* **What is being asked**
The whole listing, except its pictures, is to be repeated exactly.

* **Dataset section**
-- Opening Marker --

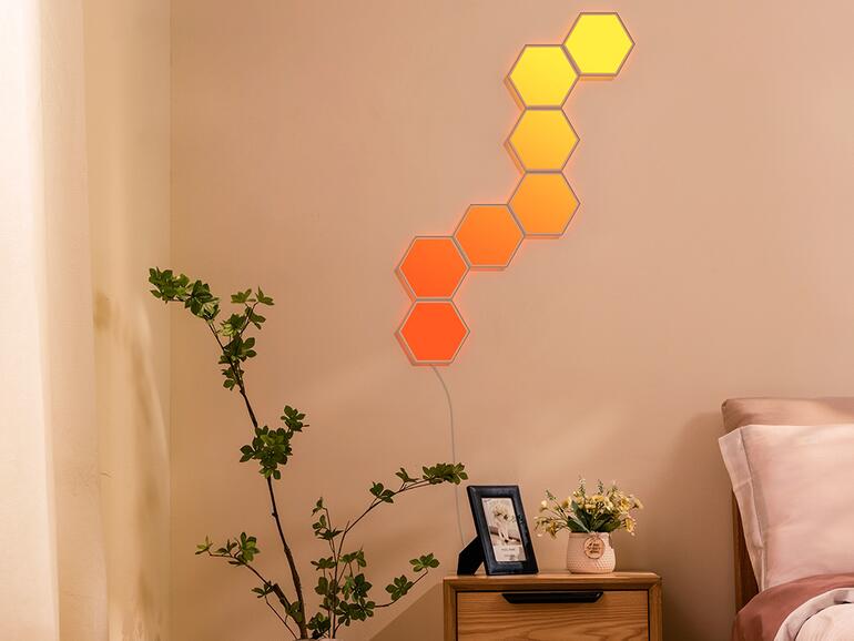 Mit den Hexa Light Panels hat Govee nun ein weiteres Produkt, mit dem das Unternehmen mit den Platzhirschen Nanoleaf und Philips Hue konkurrieren kann. Erhältlich als 7er- oder 10er-Pack kannst du mithilfe eines nicht unkomplizierten Stecksystems die Sechsecke in einer beliebigen Form an die Wand deiner Wahl anbringen.
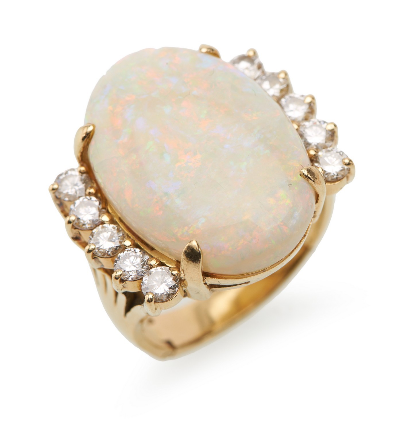The ring presents in very good condition overall with all stones secure in their settings. The opal has very minor crazing. Diamonds are secure in their settings and are of a very good commercial colour and clarity.
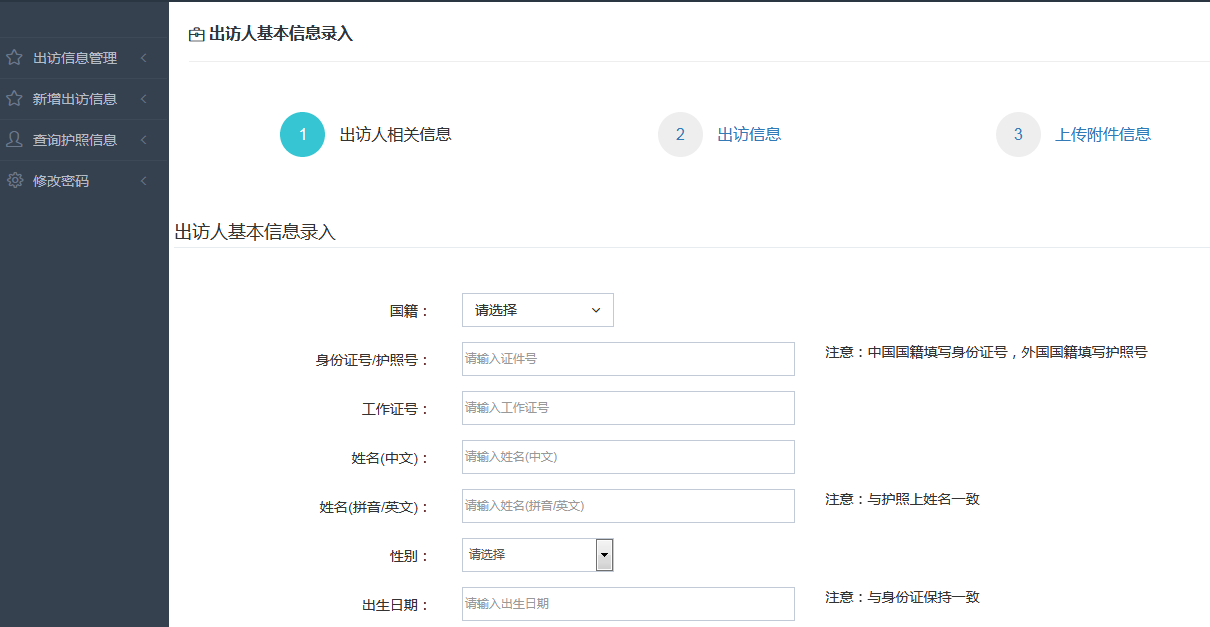 3.  登录成功后,在“新增出访信息”栏目下填写出访人相关信息、出访信息、上传附件信息并提交。
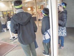 開店のあいさつをはじめに、ごみ拾い、チラシ配り、ライン登録の宣伝、館内放送などの仕事を体験することができました。

-- Closing Marker --

* **Exercise result**
 Mit den Hexa Light Panels hat Govee nun ein weiteres Produkt, mit dem das Unternehmen mit den Platzhirschen Nanoleaf und Philips Hue konkurrieren kann. Erhältlich als 7er- oder 10er-Pack kannst du mithilfe eines nicht unkomplizierten Stecksystems die Sechsecke in einer beliebigen Form an die Wand deiner Wahl anbringen.
The ring presents in very good condition overall with all stones secure in their settings. The opal has very minor crazing. Diamonds are secure in their settings and are of a very good commercial colour and clarity.
 3.  登录成功后,在“新增出访信息”栏目下填写出访人相关信息、出访信息、上传附件信息并提交。
 開店のあいさつをはじめに、ごみ拾い、チラシ配り、ライン登録の宣伝、館内放送などの仕事を体験することができました。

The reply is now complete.